But even with the security tether, Krilid found little piece of mind; the tether itself could break (causing a fatal fall), while this very assignment, for all he knew, could be bogus. In Hell, information was like character. One never knew what to trust—indeed, if trust even
existed
in this infernal sprawl.

Approximately a mile above the very spot in which Conscript Favius stood on his rampart, Krilid hovered. The spotty black clouds hid him fairly well, yet he could take no chances of detection. The clouds were patrolled now by demonic troops in balloons, and there were always the heinous Gremlins who lived and hunted in these clouds, semi-weightless monsters with saw-teeth and mouths that opened vertically beneath globose, black-veined eyes; not to mention untold flying things and Levatopuses, which were like bedbugs only they lived off the sooty waste in the clouds rather than a sleeper’s blood. Krilid’s direct field commander—the Fallen Angel Ezoriel—had provided not only the Nectoport but also a Hand of Glory, whose flame-tipped
fingertips imparted a skirt of invisibility, which prevented unwelcome observers from seeing the Port’s floating green rim of light.

Down there
, he thought, staring at the Reservoir’s nearly endless basin. Empty now, true, but soon it would be filled with six billion gallons of . . . something . . .

Something, yes. But
what?

Krilid was a Hellborn Troll, squat, heavily muscled, but with a smushed head that looked lengthened and lopsided. This anomaly was caused through punishment a long time ago: Krilid had been captured by Municipal Golems, while stealing a box of Ghoul Steaks from a delivery vehicle in Boniface Square. He’d spent the night in a Constabulary jail, and the next day a Torture Detachment had slowly yanked his genitals off with pulleys, and then he’d been treated to the “Head-Bender,” a later-model torture device in which the convict’s head was placed in a specially constricted pipe-vise. Krilid’s skull was pulverized to bits and then remolded, whereupon a Re-Ossification Spell caused the crushed bone to adhere after the fact. The pain was incalculable, such that he prayed they’d kill him and be done with it—Trolls, unlike the Human Damned, were mortal—but the officers of the Constabulary would have none of that. It served Satan far better for the deformed to
live
, protracting their misery.

And miserable Krilid had been, but he’d also been
mad. Being born a Troll is bad enough
, he knew,
but having to walk the streets with a bent head is even worse
.

Krilid wanted revenge. He could kill himself, sure, and then this horrific existence would be behind him, but somehow, now, that wasn’t good enough. And going back to a life of petty crime seemed boring and scary.
Those bastards bent my head, damn it, so I’m going to get them back
.

That’s when Krilid had joined an anti-Luciferic terrorist cell.

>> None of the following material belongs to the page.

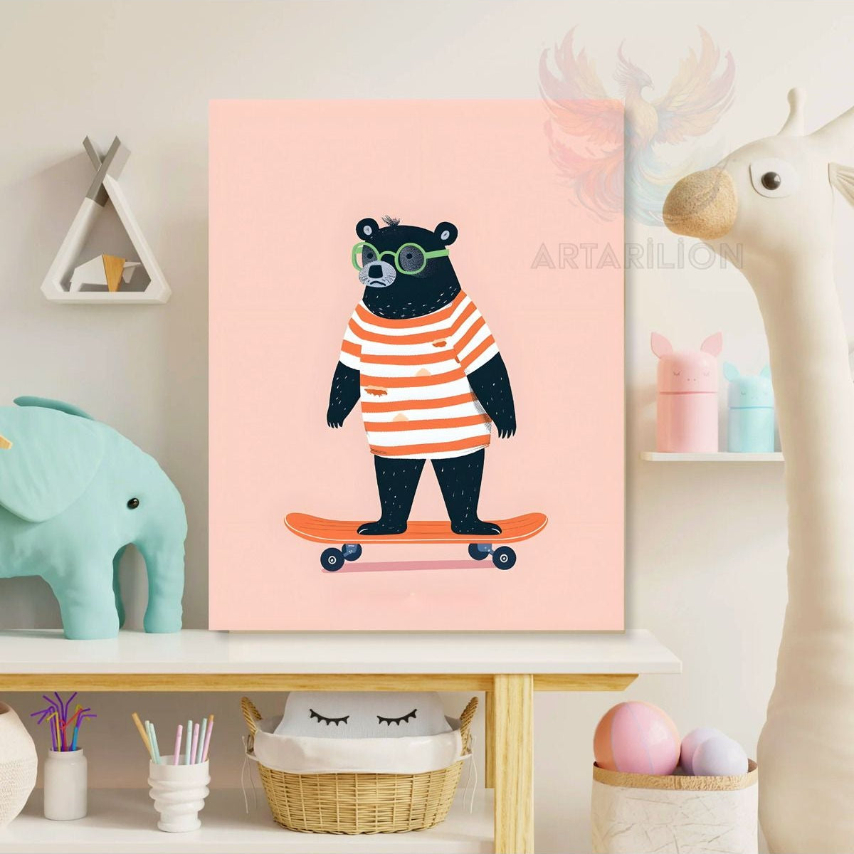 Kanvas Kaykaylı Ayı Desenli Baskı Tablo Oyun Odası Tablosu Duvar Dekoru Çocuk Odası Tablosu

Ezoriel himself had recruited him, and through some manner of clairvoyance had already known of the dismal Troll’s angst, pain, and yearning for revenge. “Serve God, in this place
abandoned
by God,” the Fallen Angel had told him in a voice that shimmered. His face shimmered, too, like sunlight on a rippling lake, such that its details could not be perceived. “Join the Contumacy and be a part of God’s glory when we overthrow Lucifer and take over. After that, rest assured—we shall convert this canyon of sin, hatred, and blasphemy into a place of hope, a place full of the love of God.”

Krilid didn’t know from God, but Ezoriel’s recruitment speech was just what he’d needed to hear. These people were
terrorists
who raided, bombed, harassed, and/or destroyed anything or anyone serving the Morning Star. The Troll’s biggest beef was with the Torture Detachment; hence, Ezoriel had granted his first request: to drop Sulphur Bombs on the place from the Nectoport. He’d scored multiple direct hits.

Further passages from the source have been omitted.